When I tried it, the first 24 entries referred to the federal deficit, and virtually all of them pronounced our current fiscal course unsustainable.

Of course, it all depends upon what one means by unsustainable. For many it refers to some future moment when the government can no longer roll over its debts and the bond market closes, forcing the equivalent of a bankruptcy. Obviously, at least if you understand what it means to be a sovereign nation with its own currency, this is idiotic, since sovereign governments can always pay their debts by creating new money.

A more reasonable concern is inflation, but the
Congressional Budget Office (CBO) whose work is often cited as proving that the economy is set on an unsustainable path, predicts that inflation will stay at around 2% per annum for the foreseeable future, even if the federal government stays on the same unsustainable budget path. Here is a link to the CBO analysis of the president’s budgetary proposals for FY 2012.

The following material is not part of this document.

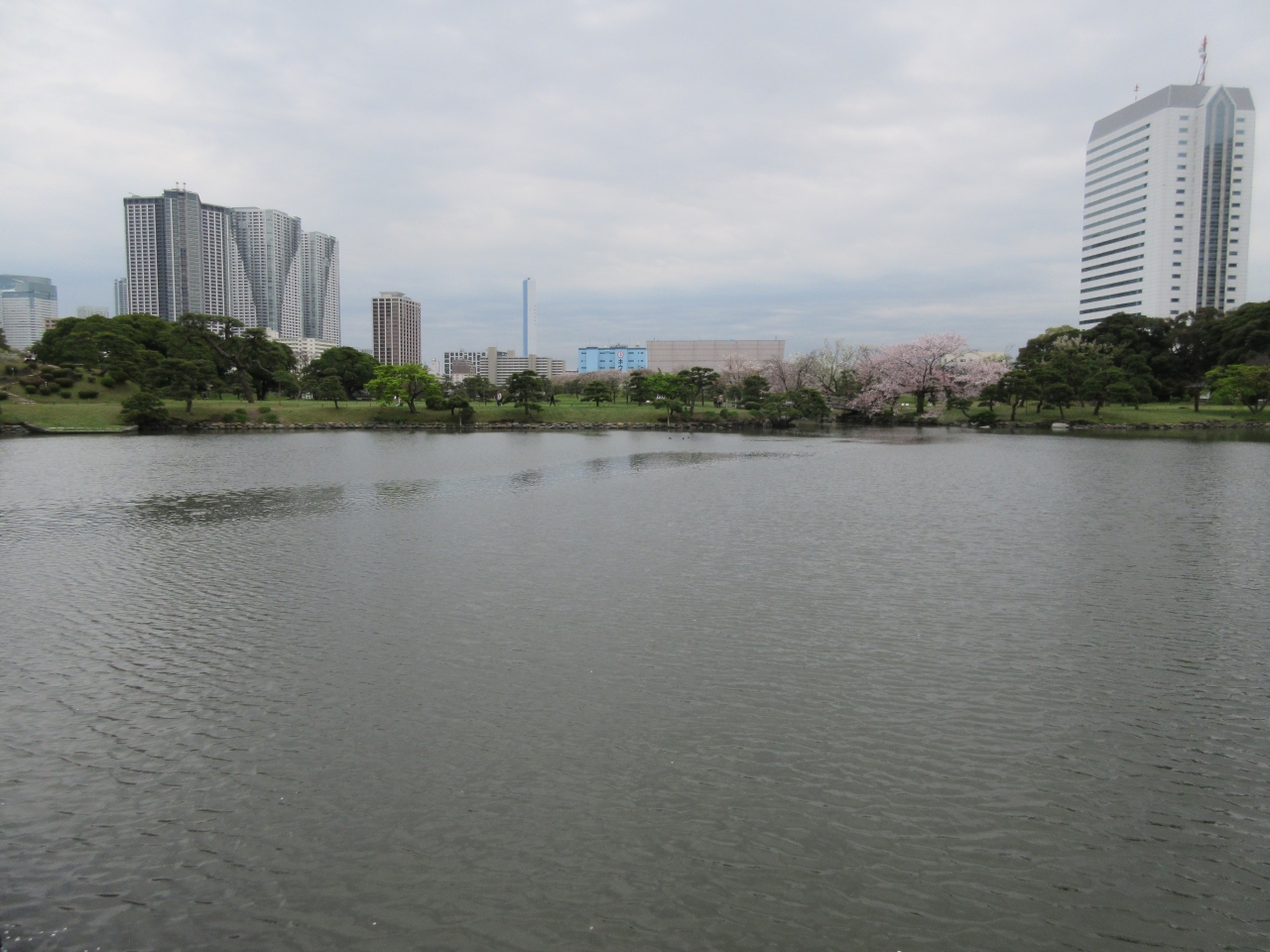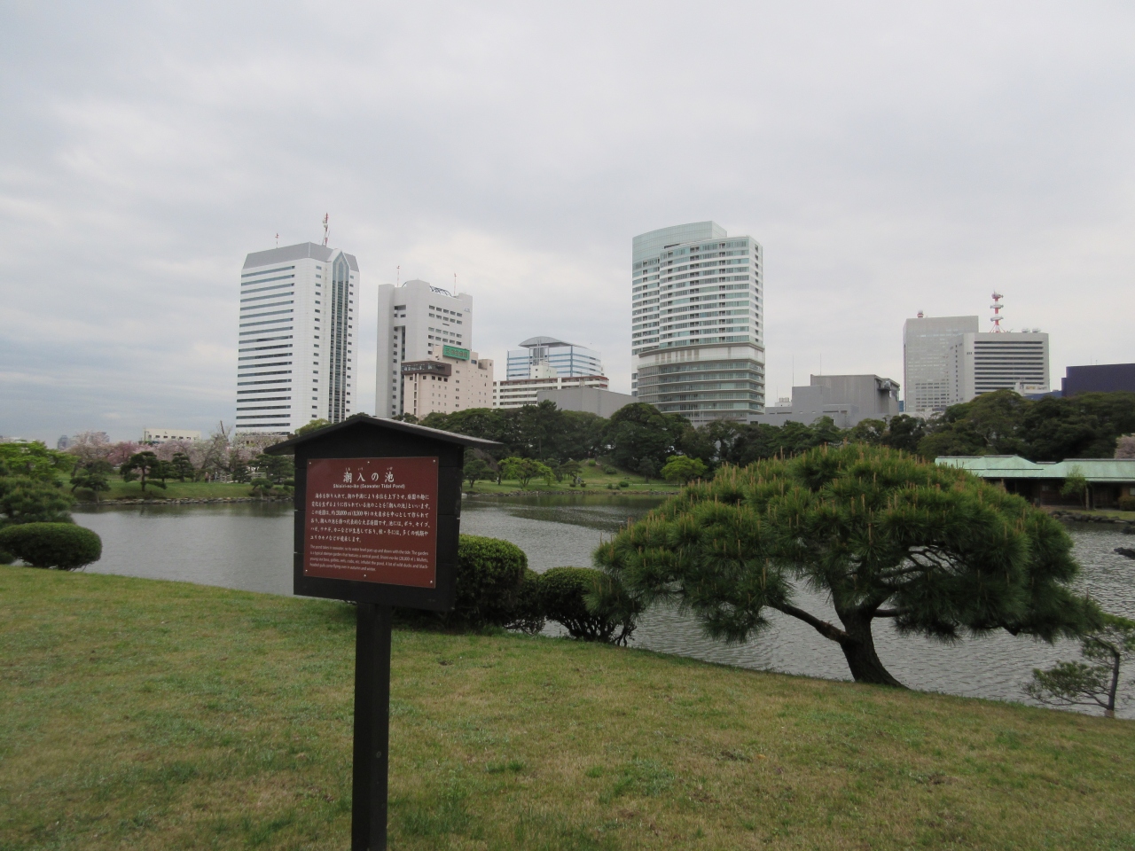 浜離宮恩賜庭園の中央付近にあって、東京湾とつながっています。潮の満ち引きに応じて水門を開閉、池の水の出入りを調節されます。池には海水魚が泳いでいますし、鴨の姿もたくさん見られました。「中島」には御茶屋がありました。

Galbraith, always the practical economist, shows us in the article the result of a rising debt–to–GDP ratio using a formula by economist (and former Bank of England advisor) William Buiter:

d = -s + d * [r-g/(1+g)]

where

∆d = change in the ratio of debt to GDP
d = starting ratio of debt to GDP
s = “primary surplus” or government budget surplus after deducting net interest payments (as shares of GDP). A positive surplus reduces ∆d, which is why it carries a minus sign
r = the real interest rate, defined for our purposes as the interest rate adjusted for inflation.
g = the real rate of GDP growth, again defined for our purposes as the rate of GDP growth adjusted for inflation.

(This is taken from Galbraith’s description in the article)

Clearly, the change in the ratio of debt to GDP is linearly related to the actual annual deficit as a share of GDP (represented by s in the formula).

The interesting part of the formula comes after the plus sign. If the real interest rate on government debt is less than the rate of GDP growth then
d * [r-g/(1+g)] will be negative and therefore tend to reduce the growth in the debt to GDP ratio. Galbraith points out that this was mostly the case from the end of WWII until 1980, that average real returns investors received from investment in public debt was negative in 18 of those 36 years, and slightly negative on the average during that period. The CBO assumes that the interest on federal debt will rise to about 4.5% nominal or 2.5% real within five years. Galbraith finds no reason why that has to be so:

Because to an investor safety is valuable, and because under capitalism making money ought to require taking risk. There is no reason why a 100 percent–safe borrower should pay a positive real rate of return on a liquid borrowing! The federal government doesn’t need to compensate for risk. It isn’t trying to kill off a high and intractable inflation. It also doesn’t need to lock in borrowing over time; it pays the higher rate on long bonds mainly as a gift to banks. Moreover, it controls both the short-term rate and the maturity structure of the public debt, and so can issue as much short debt at a near-zero rate as it needs to.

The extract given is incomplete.